EXERCISE REQUIREMENTS
The output must contain exactly the lines from the top of the listing below through the line containing "Pilaster II Sphere", and no pictures.
=== INFORMATION ===
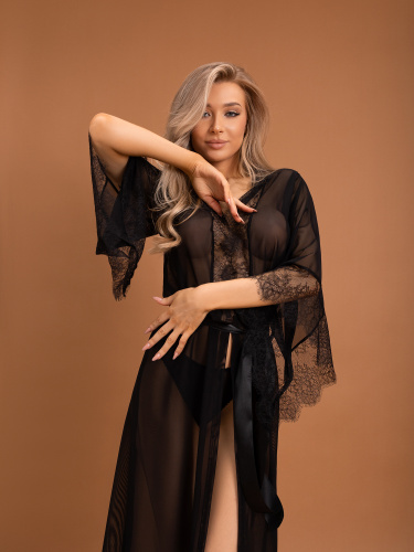 Этот длинный пеньюар создан для тех, кто желает выглядеть элегантно и изысканно. Этот наряд сделан из прозрачной сетки, что позволяет обнажить красивое женское тело, но в то же время не показывая его полностью. При этом, потрясающее тонкое французское кружево с ресничками, отделка края и низа, придают пеньюару особый шарм и изысканность.
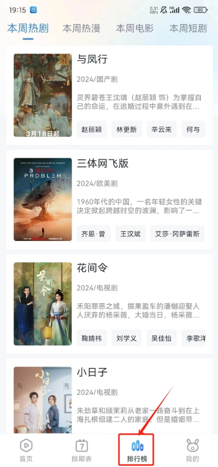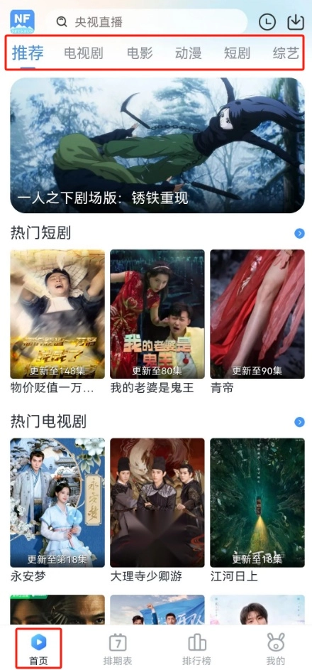 5. 排行榜:借助排行榜这一功能,能够知晓近期热度较高的剧集、动漫、电影和短剧资源,从而发现当下热门的影视作品。
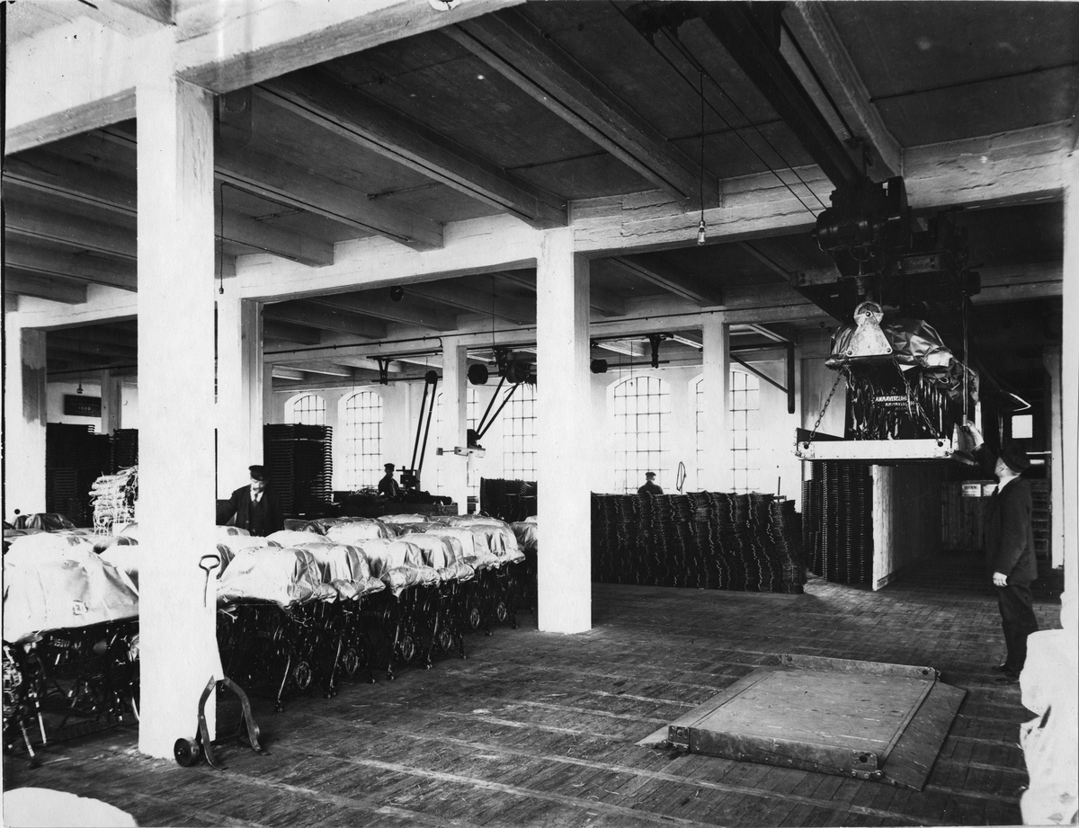 Husqvarna Vapenfabriks AB. Packningssal i symaskinsverkstaden
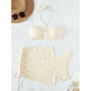 3 Piece Bikini Suit Beige Color Hang neck Swimwear Female Side Draw rope Skirt Women Beach suit
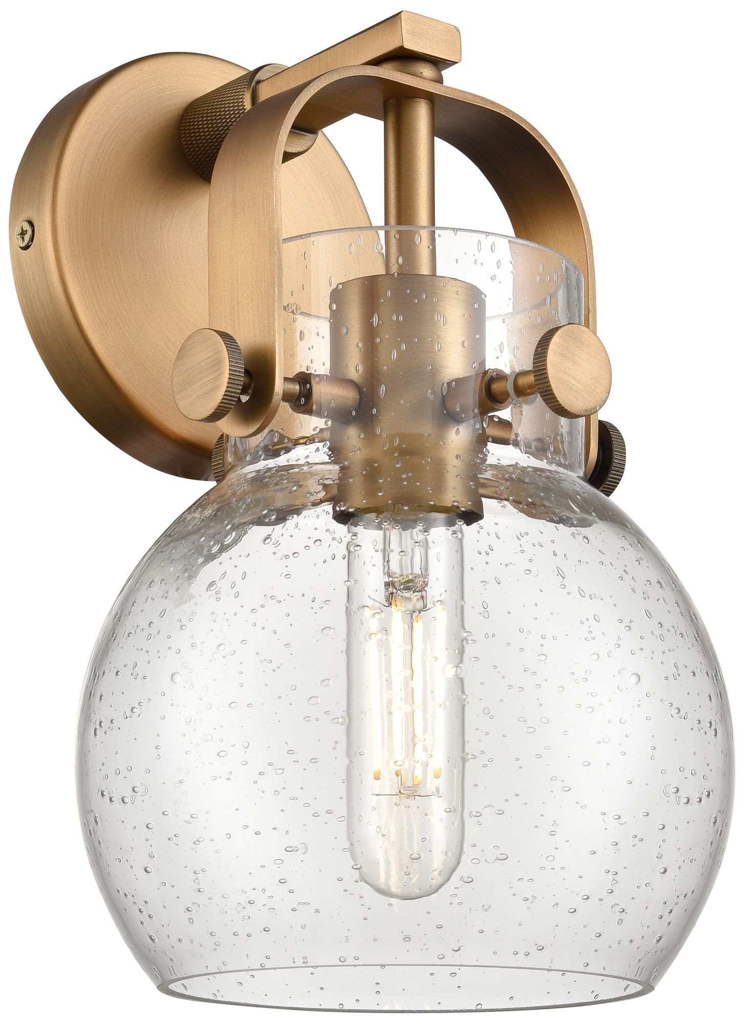 Pilaster II Sphere 9.75" High Brushed Brass Sconce With Seedy Shade
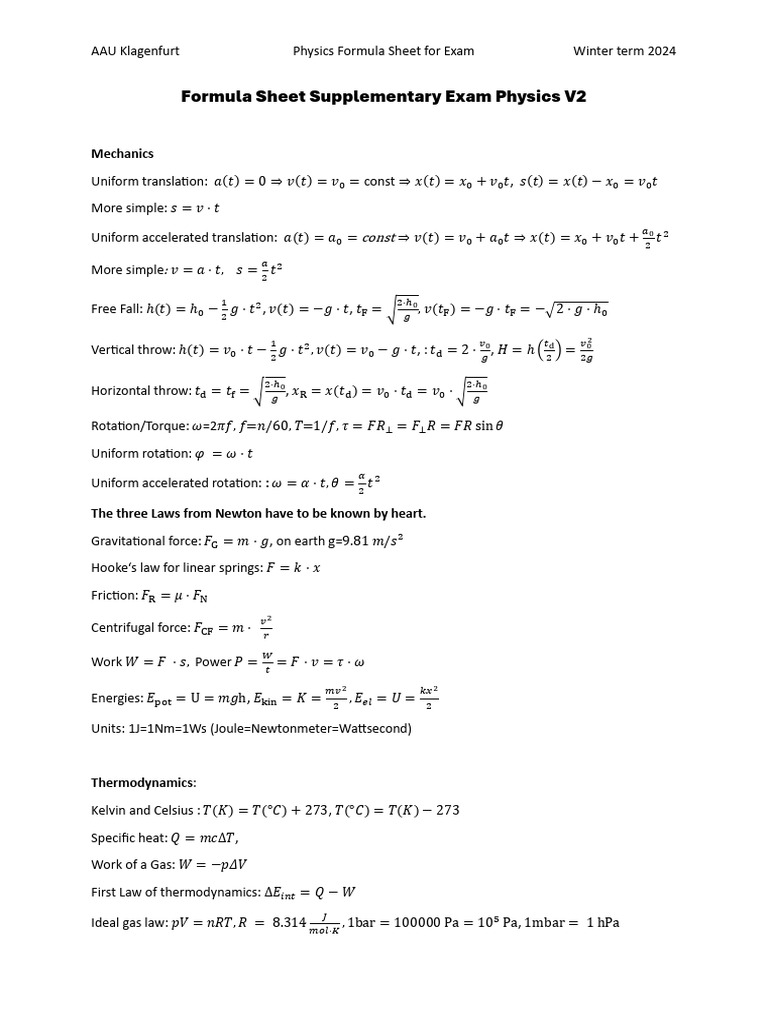 AAU Klagenfurt Physics Formula Sheet for Exam Winter term 2024
===
SOLUTION TO THE PROBLEM
 Этот длинный пеньюар создан для тех, кто желает выглядеть элегантно и изысканно. Этот наряд сделан из прозрачной сетки, что позволяет обнажить красивое женское тело, но в то же время не показывая его полностью. При этом, потрясающее тонкое французское кружево с ресничками, отделка края и низа, придают пеньюару особый шарм и изысканность.
 5. 排行榜:借助排行榜这一功能,能够知晓近期热度较高的剧集、动漫、电影和短剧资源,从而发现当下热门的影视作品。
 Husqvarna Vapenfabriks AB. Packningssal i symaskinsverkstaden
 3 Piece Bikini Suit Beige Color Hang neck Swimwear Female Side Draw rope Skirt Women Beach suit
 Pilaster II Sphere 9.75" High Brushed Brass Sconce With Seedy Shade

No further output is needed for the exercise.